__Collected data__.
.....
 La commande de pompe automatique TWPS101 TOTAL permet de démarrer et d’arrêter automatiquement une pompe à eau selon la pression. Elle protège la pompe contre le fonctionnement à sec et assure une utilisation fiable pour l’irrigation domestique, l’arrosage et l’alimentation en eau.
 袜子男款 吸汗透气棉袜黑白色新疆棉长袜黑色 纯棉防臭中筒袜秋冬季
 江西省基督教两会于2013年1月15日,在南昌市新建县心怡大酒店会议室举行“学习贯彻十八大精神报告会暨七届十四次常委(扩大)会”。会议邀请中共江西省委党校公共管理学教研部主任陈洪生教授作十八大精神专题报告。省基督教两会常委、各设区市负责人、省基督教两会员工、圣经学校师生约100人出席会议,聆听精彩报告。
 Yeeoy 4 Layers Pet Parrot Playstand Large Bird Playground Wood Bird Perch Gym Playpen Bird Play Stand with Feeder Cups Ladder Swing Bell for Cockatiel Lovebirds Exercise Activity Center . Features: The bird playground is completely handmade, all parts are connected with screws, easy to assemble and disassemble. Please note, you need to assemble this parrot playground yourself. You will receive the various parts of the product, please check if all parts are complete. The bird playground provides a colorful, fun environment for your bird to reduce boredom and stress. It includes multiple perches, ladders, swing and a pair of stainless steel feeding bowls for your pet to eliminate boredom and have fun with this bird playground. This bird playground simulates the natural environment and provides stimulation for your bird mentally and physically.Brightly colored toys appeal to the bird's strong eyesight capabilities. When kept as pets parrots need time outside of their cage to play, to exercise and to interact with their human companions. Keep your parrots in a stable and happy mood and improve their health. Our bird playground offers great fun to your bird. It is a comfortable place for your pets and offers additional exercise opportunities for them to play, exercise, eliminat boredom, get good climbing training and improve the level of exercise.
.....
__Exercise directions__.
Give the full listing above again, exactly as it was presented.

__Answer space__.
 La commande de pompe automatique TWPS101 TOTAL permet de démarrer et d’arrêter automatiquement une pompe à eau selon la pression. Elle protège la pompe contre le fonctionnement à sec et assure une utilisation fiable pour l’irrigation domestique, l’arrosage et l’alimentation en eau.
 袜子男款 吸汗透气棉袜黑白色新疆棉长袜黑色 纯棉防臭中筒袜秋冬季
 江西省基督教两会于2013年1月15日,在南昌市新建县心怡大酒店会议室举行“学习贯彻十八大精神报告会暨七届十四次常委(扩大)会”。会议邀请中共江西省委党校公共管理学教研部主任陈洪生教授作十八大精神专题报告。省基督教两会常委、各设区市负责人、省基督教两会员工、圣经学校师生约100人出席会议,聆听精彩报告。
 Yeeoy 4 Layers Pet Parrot Playstand Large Bird Playground Wood Bird Perch Gym Playpen Bird Play Stand with Feeder Cups Ladder Swing Bell for Cockatiel Lovebirds Exercise Activity Center . Features: The bird playground is completely handmade, all parts are connected with screws, easy to assemble and disassemble. Please note, you need to assemble this parrot playground yourself. You will receive the various parts of the product, please check if all parts are complete. The bird playground provides a colorful, fun environment for your bird to reduce boredom and stress. It includes multiple perches, ladders, swing and a pair of stainless steel feeding bowls for your pet to eliminate boredom and have fun with this bird playground. This bird playground simulates the natural environment and provides stimulation for your bird mentally and physically.Brightly colored toys appeal to the bird's strong eyesight capabilities. When kept as pets parrots need time outside of their cage to play, to exercise and to interact with their human companions. Keep your parrots in a stable and happy mood and improve their health. Our bird playground offers great fun to your bird. It is a comfortable place for your pets and offers additional exercise opportunities for them to play, exercise, eliminat boredom, get good climbing training and improve the level of exercise.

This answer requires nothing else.